First things first of course read_parquet WILL load all data in RAM an cannot apply any optimization to the scan level. scan_parquet (and maybe the streaming engine, but it is still in alpha) is recommended when dealing with larger file sizes.

Rechunk

Polars read_parquet defaults to rechunk=True, so you are actually doing 2 things; 1: reading all the data, 2: reallocating all data to a single chunk. This reallocation takes ~2x data size, so you can try toggling off that kwarg.

much higher than eventual RAM usage

During reading of parquet files, the data needs to be decompressed. So you have several buffers, the compressed data buffers, the decompression result buffers and then finally the columnar format of the read data. You will always have at least 2 of those buffers in memory, so it seems logical to me that the reading operation takes more memory than the final stale DataFrame.

File written

Which system has written the file? I'd recommend updating to latest polars for writing parquet files, we recently improved the default row groups size to have better parallelism.

If I try use_pyarrow then the data load fails - it refuses to see my parquet files - but Dask and Polars' rust pyarrow loader see the same path just fine. I'll continue to experiment with this.

That's because you have a globbing pattern *.parquet. Polars' translates that glob to (pseudo code): pl.concat([pl.read_parquet(..) for f in glob)]). We don't support that for the pyarrow reader.

Again, I think the rechunk here is very expensive.

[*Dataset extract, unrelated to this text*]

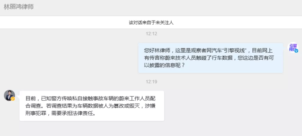 林先生表示,这是蔚来在警方、林家家属均不知情的情况下对车辆进行操作。林文钦事件的律师已经正式对林文钦案件的经办民警提出要求,对私自接触故障车辆人员进行相关处理。
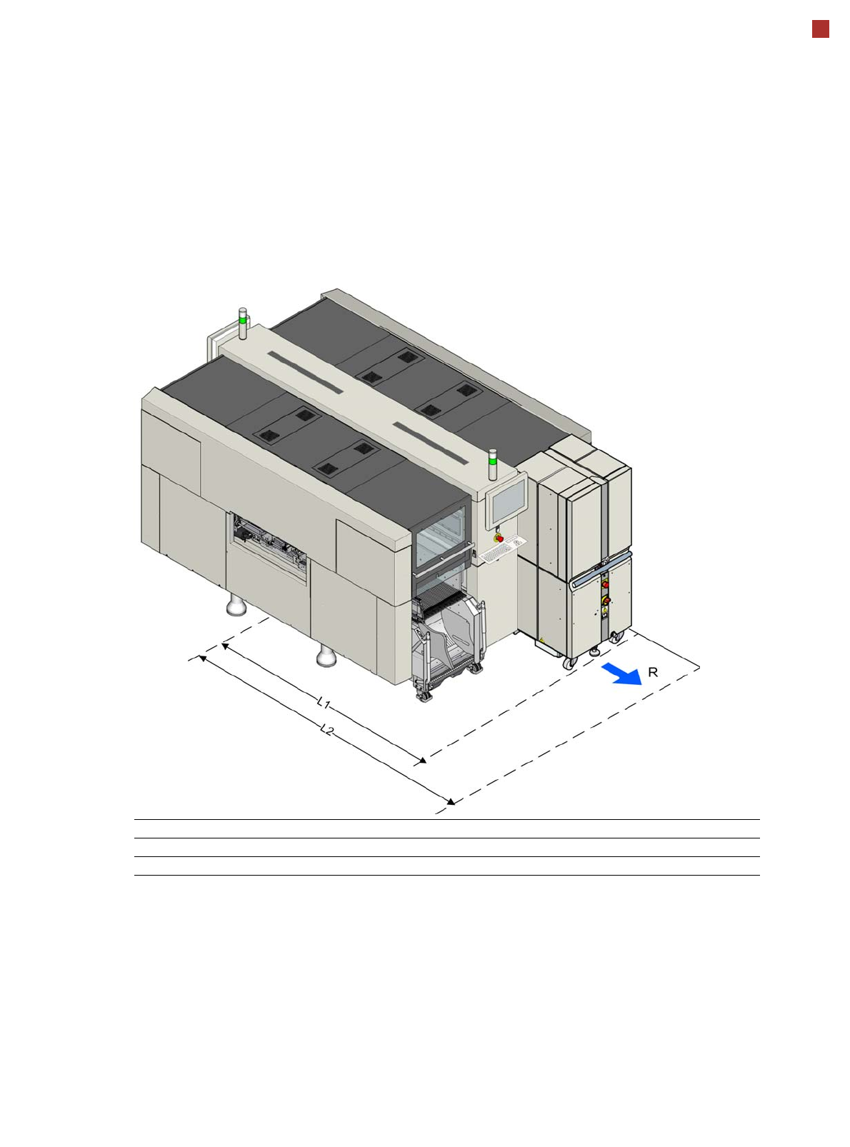 Placement machine dimensions

After load the dataframe in RAM consumes approximately 35GB. If I del dfp then RAM usage drops to 5-10GB and I can't free up the last 10GB (e.g. running gc.collect() doesn't clear the RAM any more and %whos shows no other lurking results

Yes, that's how memory allocators work. They tend to keep memory around without giving it to the OS. If a program does a large amount of heap allocations, especially smaller ones that fragment the heap, the memory allocator will hold on to it. This is not that bad as it sounds as the memory allocator will reuse that memory for the process.

TLDR

Try with rechunk=False and try probably use scan_parquet (I don't think Dask materializes a parquet file into memory as well, right?).

@ianozsvald
Copy link
Author

Thanks for the feedback Ritchie.

Using dfp = pl.read_parquet(parquet_test_result + "/*.parquet", n_rows=300_000_000, columns=cols, rechunk=False) (the same 300M rows as above plus rechunk=False) has the same memory behaviour as above - it loads, but uses a lot of SWAP.

Using dfp = pl.read_parquet(parquet_test_result + "/*.parquet", n_rows=400_000_000, columns=cols, rechunk=False) fails with SWAP exhaustion, which is what happened with rechunk=True as the default before.

Re. Dask if you use ddf.read_parquet(...).compute() it'll read all the partial Parquet files and materialise them - I haven't tried that yet on this dataset. I'm assuming Dask will run out of RAM as it'll have to run a sequence of pd.concat operations which are bound to use a lot of memory (in case e.g. categorical columns need reverting to numpy strings and whatever other operations need handling, I guess indexes might get reset too).

The data was originally generated by Dask - directly reading 100s of CSVs and writing them out with the default to_parquet with PyArrow datatypes. Notably Dask then adds a path column which is categorical-encoded (as it is duplicated, the same path for each row of the same CSV), which is probably a silly default if you're asking for an all-PyArrow export. I need to file this issue for Dask.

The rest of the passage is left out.